For the first time we have noticed a Kindle edition ($14.99) is priced higher than the hardcover ($14.00)- The Crossing by Michael Connelly. The cost to produce an electronic version is surely cheaper than a hardcover- including shipping and the material and labor? This may be a good thing for the brick and mortar stores if it puts future hardcover books on equal footing. However there is always the problem of getting rid of the bulky thing when you are done with it vs. just a (remove from device) deletion on the Kindle. Selling it at Half Priced Books is a pain and you have to read it fast to get any $ back.

----------


## Dennis

Do you understand how crack dealers work?

----------


## JEK

> Do you understand how crack dealers work?




h2.jpg

----------


## JEK

*Quora User*, Read multiple Kindle books most weeks (often from library)9.2k Views • Quora User is a Most Viewed Writer in Publishing.

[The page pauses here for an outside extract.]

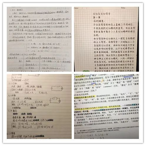 书山有路勤为径,学海无涯苦作舟。同学们在7天内每天坚持在微信群分享在上网课时记下的笔记,内容形式多样,如纯手写笔记、书籍旁批、课后思考笔记等。战“疫”不停学,同学们一方面利用网络教学设备进行网课学习,另一方面借助笔记打卡的形式巩固知识,增强学习兴趣,分享学习心得,展现学习成果。让我们看看同学们的精彩表现吧!
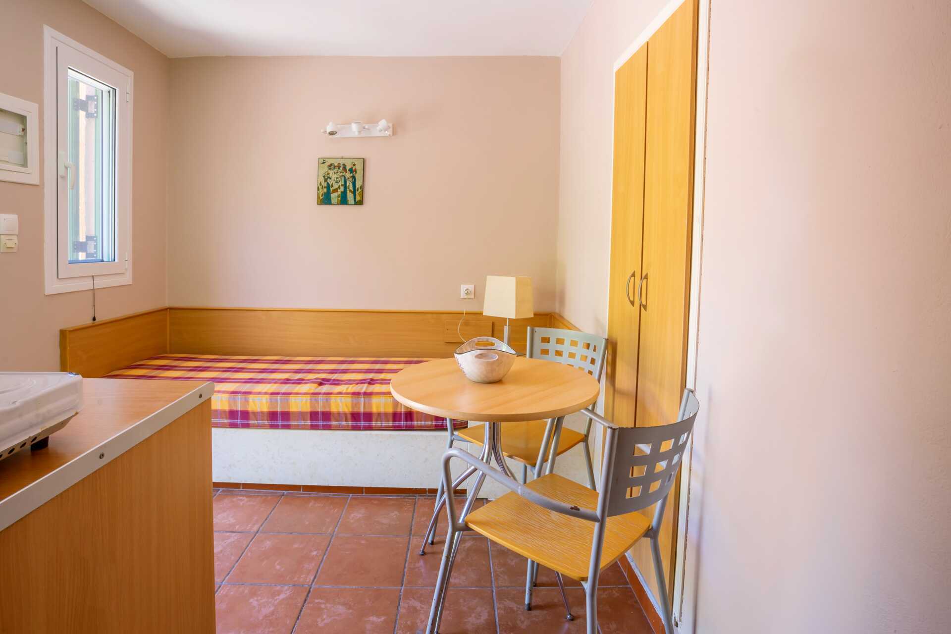 Toromsleilighter, ikke renovert, av varierende størrelse og standard. Delt uteplass, noen med begrenset havutsikt. Noen delte uteplasser kan benyttes som gangvei av andre gjester. Et soverom og en stue med minikjøkken. Gulvfaste senger - en dobbeltseng eller to enkeltsenger. Mulig med ekstraseng i sovesofa. Minikjøkken med kokeplater, kjøleskap, vannkoker og enkelt kjøkkenutstyr. Wifi og luftkondisjonering inkludert. TV på soverommet. Hårføner. Badekar eller dusj samt wc. Rengjøring 3 ggr/uke.

Different publishers have different strategies, which is why you're seeing variation.  There are also variations in circumstances which help justify some of the differences.  If a book is available in paperback, hardcover, and kindle version, some will price the kindle version cheaper than the paperback version based on cost, while others will price it between the paperback and hardcover version, on the assumption that some people will prefer the convenience rather than the price difference (if a book is $10 in paperback, and $11 in Kindle, I'll pay the $11 for some books, and the $10 for others).  As some have noted, there is time-based price discrimination as well, where publishers charge more for hardcover books initially, and less for paperback books eventually - I've seen high kindle prices during hardcover releases, and low kindle prices for the same book later (and sometimes I'll buy it early, because I really want it, and other times I'll add it to my wishlist and check it out again later).  Publishers also run increased risks as distribution increases for ebooks - many "cracked" copies of popular books are available for free on P2P sites, while many less popular books are not available for free - lowering the price too much, just based on distribution costs, might decrease profits from that leakage.

----------


## MIke R

Hopper...our sales are still trending up ever so slightly but despite  that we know the end is probably somewhere on the horizon....fortunately for our bookstore it is attached to our toy/hobby store so we would simply take the walls down and expand that.....but there were five independent bookstores within a 25 mile perimeter and now there are just 2...us and one other....very sad for me as  the bookstore is my baby and  the other two shops are my wifes and i have poured my heart into this thing for 15 years..but it is what it is and on we go into the next adventure

----------


## amyb

The plight of the neighborhood bookstores hurts me too. I miss my local shop a lot.

----------


## JEK

I miss the local shop, but don't miss the stack of books everywhere. So tough to travel with a couple 600 page hard copies.

----------


## Grey

> Hopper...our sales are still trending up ever so slightly but despite  that we know the end is probably somewhere on the horizon....fortunately for our bookstore it is attached to our toy/hobby store so we would simply take the walls down and expand that.....but there were five independent bookstores within a 25 mile perimeter and now there are just 2...us and one other....very sad for me as  the bookstore is my baby and  the other two shops are my wifes and i have poured my heart into this thing for 15 years..but it is what it is and on we go into the next adventure



Mike, how are your sales of children's books?  Reading an electronic version of a book to a child doesn't have the same impact as holding a real, live book, IMHO.

----------


## amyb

Yes John. I left CITY ON FIRE on Long Island and it will be my WHEN I GET HOME book. Now I am reading a Western...DOC, a good story of Doc Holliday and the Earps. I forgot Doc was actually a dentist

----------


## MIke R

> Mike, how are your sales of children's books?  Reading an electronic version of a book to a child doesn't have the same impact as holding a real, live book, IMHO.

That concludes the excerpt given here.